We use **`uv`** as the default package and project manager.

- **Run Tests:**
  ```bash
  uv run pytest
  ```
- **Type Checking (Strict mypy):**
  ```bash
  uv run mypy .
  ```
- **Linting & Formatting:**
  ```bash
  uv run ruff check .
  ```
- **Local Environment Cache Setup:**
  ```bash
  export UV_CACHE_DIR=.uv-cache
  ```

---

## 💡 Developer / AI Guidelines

- **Clean Interface:** Keep the public interface of `KeyPool` and `SyncKeyPool` clean.
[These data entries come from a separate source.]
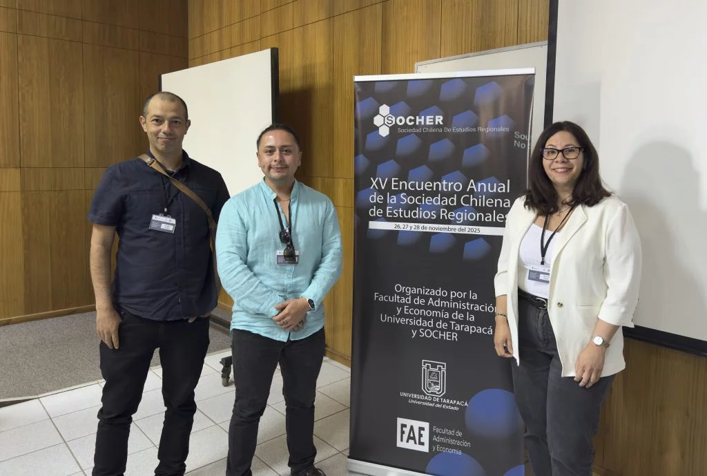 Académicos y académicas de la Escuela de Administración y Negocios presentaron investigaciones sobre desarrollo territorial, econometría espacial y políticas públicas.Cinco miembros de la Escuela de Administración y Negocios (EAN) de la Universidad de Concepción, campus Chillán, participaron activamente en el XV Encuentro Anual de la Sociedad Chilena de Estudios Regionales (SOCHER 2025), realizado del 26 al 28 de noviembre en la Universidad de Tarapacá, en Arica.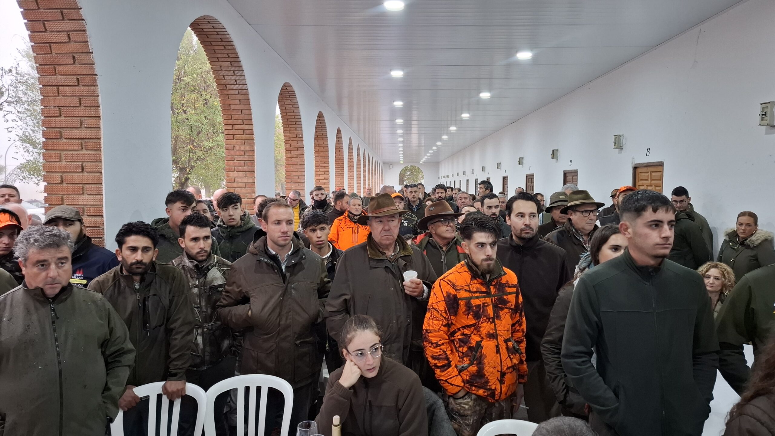 Los monteros que ocuparon los 70 puestos que cerraron la mancha fueron convocados a las 7:45h en el Santuario de Ntra. Sra. de los Desamparados, en Villanueva de la Fuente, ubicación que se envió la tarde anterior a última hora dada la previsión de lluvias que ponían para el domingo. ¡Y menudo acierto!, pues durante el desayuno y sorteo cayó una manta de agua de las que te pones calado hasta los huesos si te coge fuera de cobijo.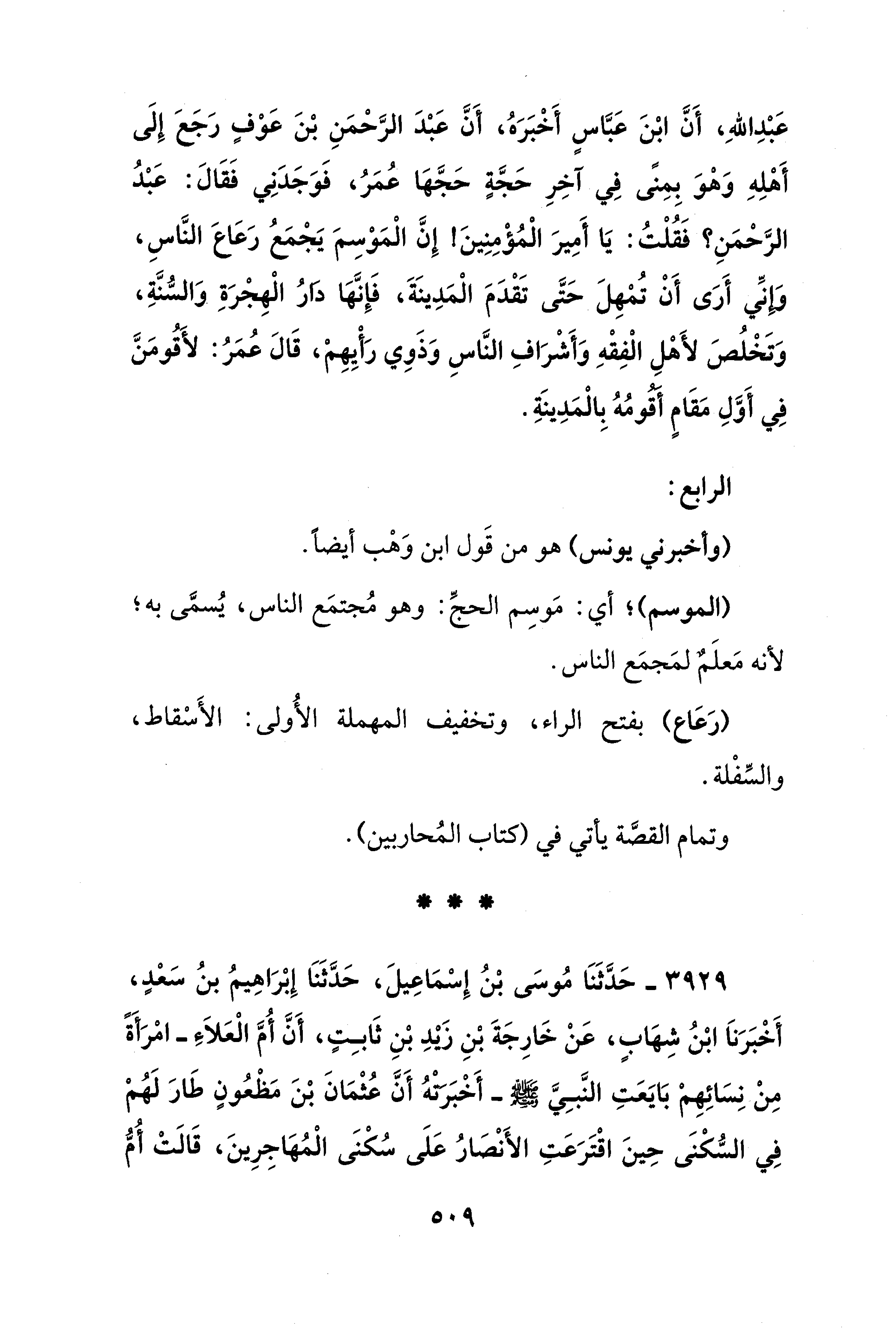 عَبْدِ اللهِ، أَنَّ ابْنَ عَبَّاسٍ أَخْبَرَهُ، أَنَّ عَبْدَ الرَّحْمَنِ بْنَ عَوْفٍ رَجَعَ إِلَى أَهْلِهِ وَهْوَ بِمِنًى فِي آخِرِ حَجَّةٍ حَجَّهَا عُمَرُ، فَوَجَدَنِي فَقَالَ: عَبْدُ الرَّحْمَنِ؟ فَقُلْتُ: يَا أَمِيرَ الْمُؤْمِنِينَ! إِنَّ الْمَوْسِمَ يَجْمَعُ رَعَاعَ النَّاسِ، وَإِنِّي أَرَى أَنْ تُمْهِلَ حَتَّى تَقْدَمَ الْمَدِينَةَ، فَإِنَّهَا دَارُ الْهِجْرَةِ وَالسُّنَّةِ، وَتَخْلُصَ لأَهْلِ الْفِقْهِ وَأَشْرَافِ النَّاسِ وَذَوِي رَأْيِهِمْ، قَالَ عُمَرُ: لأَقُومَنَّ فِي أَوَّلِ مَقَامٍ أَقُومُهُ بِالْمَدِينَةِ.

Only expose `acquire`, `release`, `mark_failed`, and `mark_rate_limited`. Do not introduce framework-specific transport wrappers.
- **Strict Typing:** Every function parameter, return value, and class field must be fully typed. Use strict `mypy` style annotations.
- **Error Propagation:** Do not let internal exceptions leak directly without being wrapped in subclasses of `KeyMeshError`.
- **Zero Heavy Dependencies:** KeyMesh must remain lightweight. Do not import heavy frameworks (like FastAPI, Flask, or HTTP gateways).